Według informacji Wirtualnej Polski jeszcze w tym roku możliwe będzie płacenie w sieci Biedronka swoim telefonem. Zdaniem ekspertów takie rozwiązanie może się przyjąć, ale największa w Polsce sieć dyskontów będzie musiała sporo na wdrożenie wydać. Kluczem do sukcesu będą też banki.

Czy mobilne płatności w Biedronce się przyjmą?
Źródło zdjęć: © WP.PL | Sebastian Ogórek

11.01.2013 | aktual.: 11.01.2013 12:57

Na początku stycznia Wirtualna Polska jako pierwsza poinformowała, że Biedronka przymierza się do wprowadzenia płatności mobilnych (szczegóły tutaj)
. Według naszego informatora testy już odbywają się w jednym z warszawskich sklepów tej sieci - na razie w ten sposób płacić mogą tam tylko pracownicy dyskontu.

Skąd w ogóle pomysł na takie rozwiązanie? Biedronka wbrew pozorom nie jest dziś sklepem byle jakim. Zmieniło się podejście dyskontu do pracowników, odświeżono logo i wnętrze placówek. Jeronimo Martins Polska stawia też na nowe technologie. Jako pierwszy w Polsce i najprawdopodobniej na świecie na części produktów marek własnych drukuje ultranowoczesny kod kreskowy. Zapisano w nim datę ważności produktu, przez co nawet jeśli przez przypadek trafi on na kasę, to kasjer przeterminowanego sera czy kiełbasy klientowi nie sprzeda.

To jednak technologia, której nie musimy śledzić. Z płatnościami mobilnymi jest inaczej. One wymagają pełnego zaangażowania kupującego.

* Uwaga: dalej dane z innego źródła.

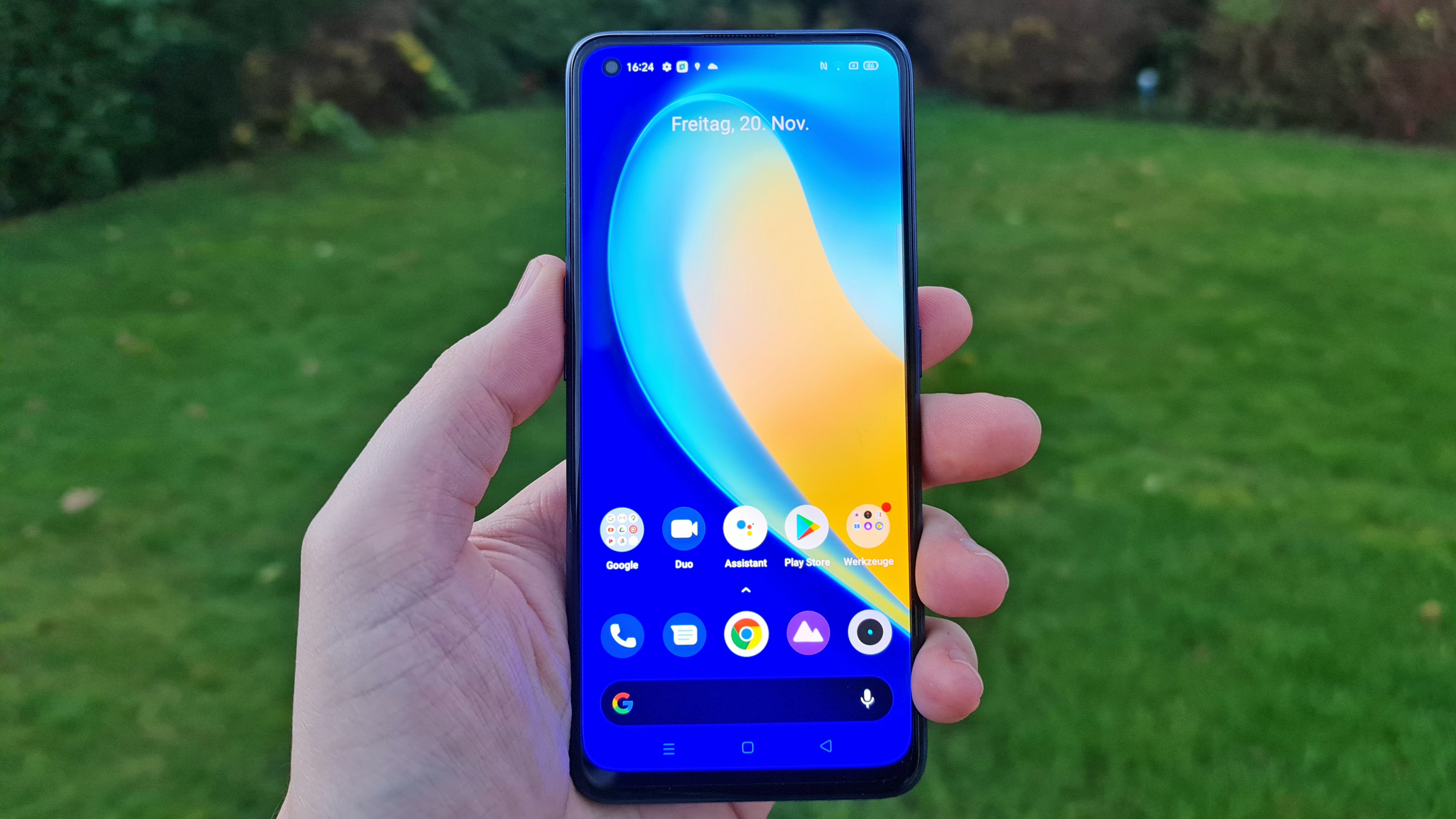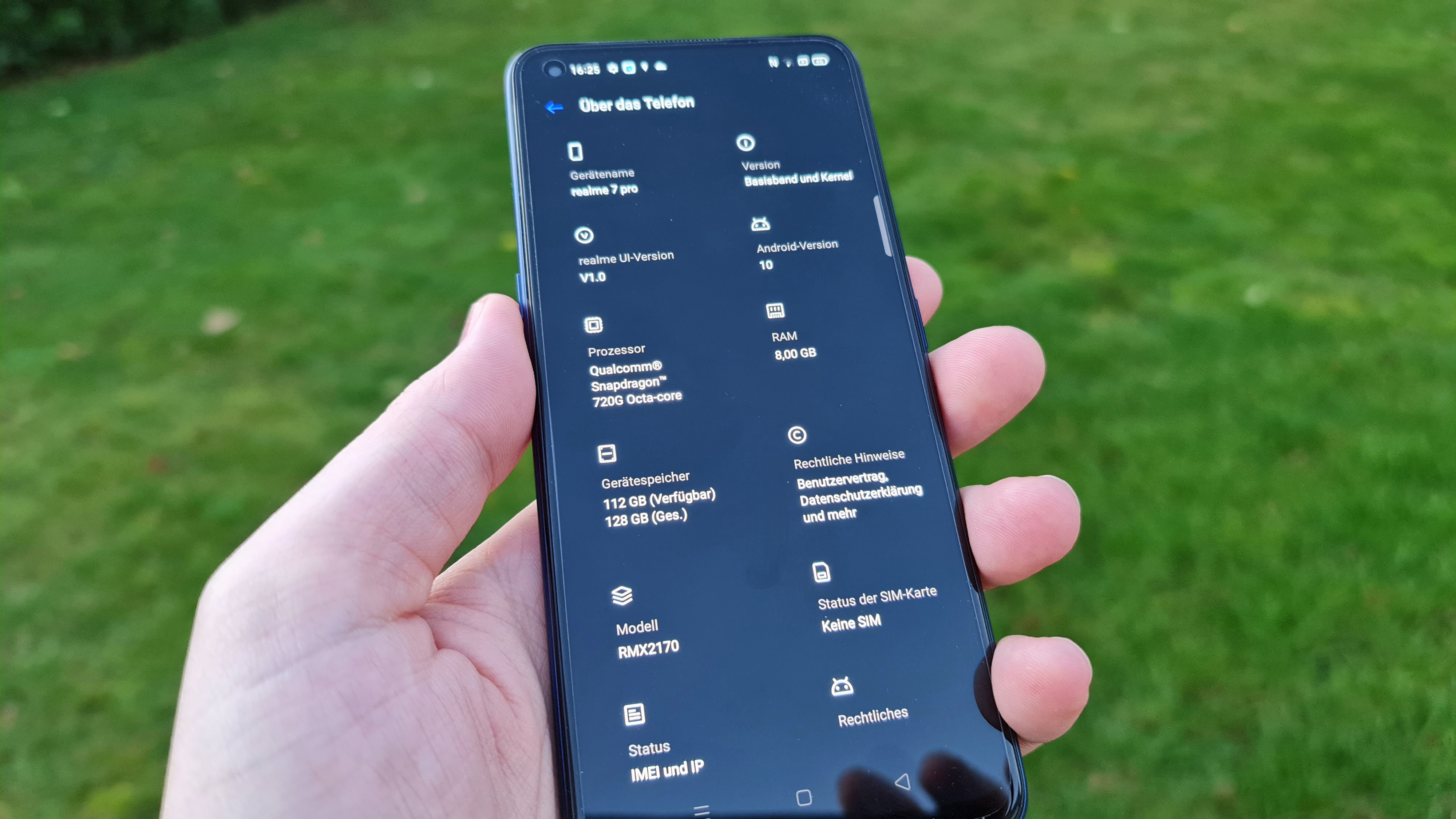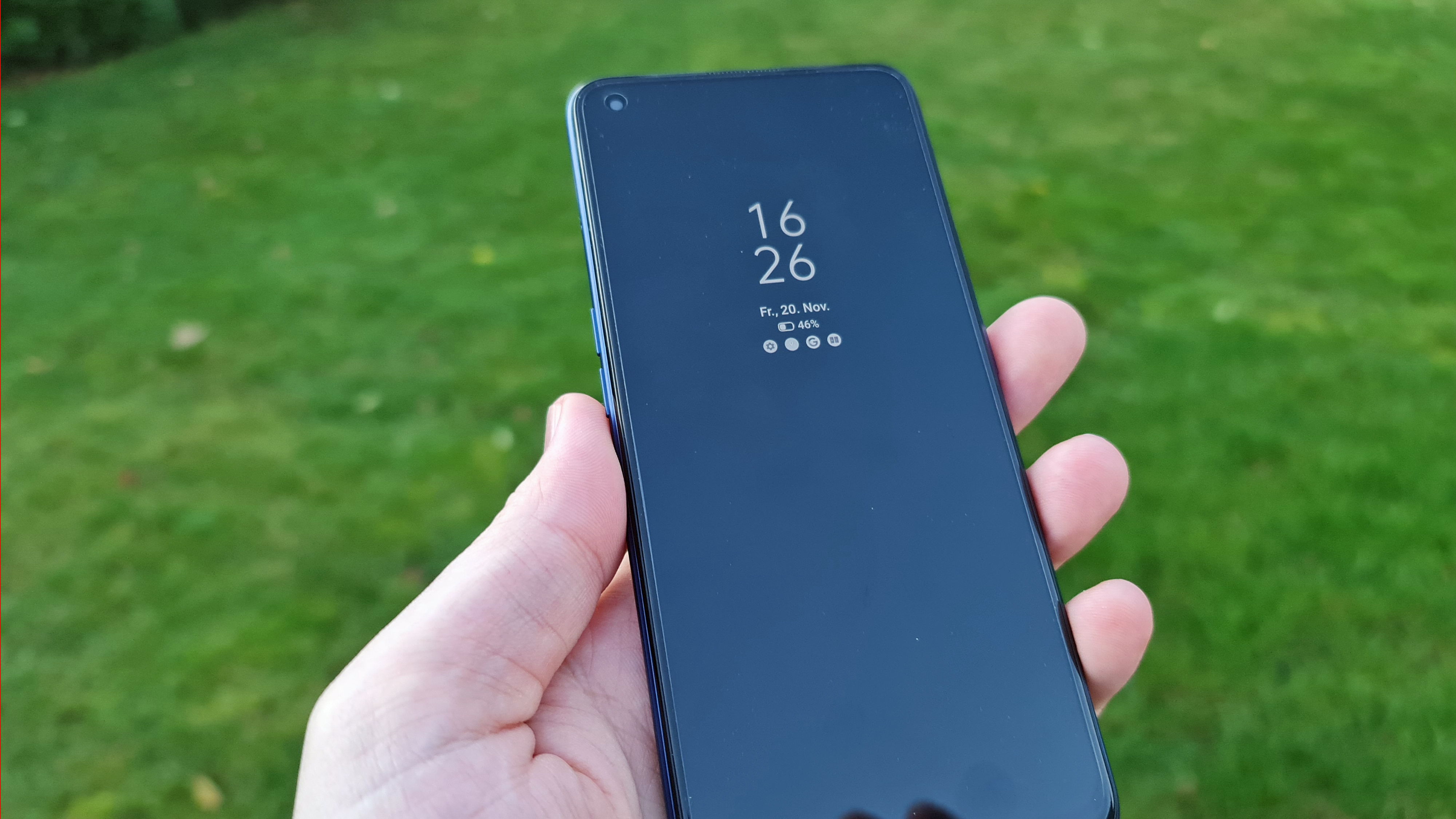 Von der Bildwiederholungsrate abgesehen gibt es gerade auch mit Blick auf den Verkaufspreis des Realme 7 Pro am Display nichts auszusetzen. Die Bildschärfe ist dank erweiterter Full-HD-Auflösung (2400 × 1800 Pixel) sehr gut, die Helligkeit liegt bei sehr guten 600 cd/m² im Automatikmodus – das liegt gar nicht so weit unter dem Niveau des kürzlich getesteten Huawei Mate 40 Pro (Testbericht) für mehr als dreimal so viel Geld. Dank der guten Kontraste und der tollen Blickwinkelstabilität gibt es damit auch im Freien keine Probleme mit der Ablesbarkeit. Vorteil OLED außerdem: Das Realme 7 Pro verfügt über ein praktisches Always-on-Display.

- Wielu klientów Biedronki to osoby nieubankowione, więc można domniemywać, że nie mają karty oraz ROR-u, bo nie widzą takiej potrzeby. Zainstalowanie oprogramowania w telefonie, wpłacenie na takie konto pieniędzy, a później połączenie z Wi-Fi i korzystanie z aplikacji może okazać się dla wielu osób zbyt skomplikowane - uważa Bartłomiej Owczarek, ekspert od nowych technologii i partner w firmie konsultingowej Goldenberry.

Dlatego zdaniem ekspertów najważniejsze jest przekonanie do niej klientów. Dla osób, które kupują w Biedronce, najważniejsza jest cena. Zechce im się płacić telefonem, gdy z tego powodu dostaną zniżkę.

- Biedronka nie zrobi na pewno płatności mobilnych tylko po to, by pochwalić się gadżetem. Na coś takiego może sobie pozwolić mała sieć, bo przyniesie jej to rozgłos. Jeronimo Martins musi mieć produkt masowy, bo takie są jego sklepy. Pytanie, czy starczy im chęci, pieniędzy, zaangażowania, by wejść w płatności mobilne. Samo postawienie systemu nie jest takie trudne, główny problem to przeszkolenie armii sprzedawców i przekonanie klientów do takiej formy płatności. To musi być połączone z promocjami, a to są realne koszty - zauważa Wojciech Bolanowski, dyrektor pionu bankowości internetowej w PKO Banku Polski.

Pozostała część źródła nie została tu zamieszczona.